下一点更多的是关于VBA,所以这只是一个想法,因为我对VBA不是很熟悉:
mid = (hi + low) / 2
如果返回一个整数,结果可能会舍入到较低的值((3 + 4)/ 2 = 3)。如果是这样,我会写如下:
B[] = split(low, mid)
C[] = split(mid + 1, hi)
原因是mid已经是下边界(由于四舍五入)。当边界接近0时,减法1可能会导致一些问题,因为它可能导致负值。
第二部分:
将过程分成两部分会更容易:
E[num]' I don't know what num means but I suppose it's correct here
int PosE = 0
'adding elements to the new array while they can be compared to each other
while(c.length > 0 and b.length > 0)
if(C[PosC] < B[PosB])
E[PosE] = C[PosC]
PosC += 1
Else
E[PosE] = B[PosB]
PosB += 1
End If
PosE += 1
Next
'one of the array B or C (or both) is empty now. The remaining elements have to be added. The order doesn't matter any more.

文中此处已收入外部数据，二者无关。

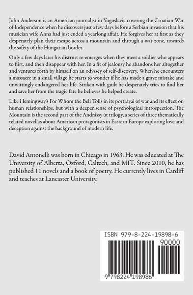 John Anderson is an American journalist in Yugoslavia covering the Croatian War of Independence when he discovers just a few days before a Serbian invasion that his musician wife Anna had just ended a yearlong affair. He forgives her at first as they desperately plan their escape across a mountain and through a war zone, towards the safety of the Hungarian border. Only a few days later his distrust re-emerges when they meet a soldier who appears to flirt, and then disappear with her. In a fit of jealousy he abandons her altogether and ventures forth by himself on an odyssey of self-discovery. When he encounters a massacre in a small village he starts to wonder if he has made a grave mistake and unwittingly endangered her life. Striken with guilt he desperately tries to find her and save her from the tragic fate he believes he helped create. Like Hemingway's For Whom the Bell Tolls in its portrayal of war and its effect on human relationships, but with a deeper sense of psychological introspection, The Mountain is the second part of the Andrássy út trilogy, a series of three thematically related novels about American protagonists in Eastern Europe exploring love and deception against the background of modern life. One reviewer gave it 5 stars and said: 'This is a more than worthy follow up to the first novel in this series - a story about war and its affect on relationships as much as it is the personal path of self discovery for the protagonist...great writing too! "

for i = PosC to c.length 'I don't know if this is possible in VBA but I think you know what I mean: adding all the remaining elements of C to E (if there are any)
E[PosE] = C[PosC]
PosC += 1
PosE += 1
Next
'doing the same with B; it could happen that one of those loops never run
for i = PosB to b.length
E[PosE] = B[PosB]
PosB += 1
PosE += 1
Next
我希望这有效,因为我从未在VB中写过任何内容。
如果还有任何问题,请随时提出。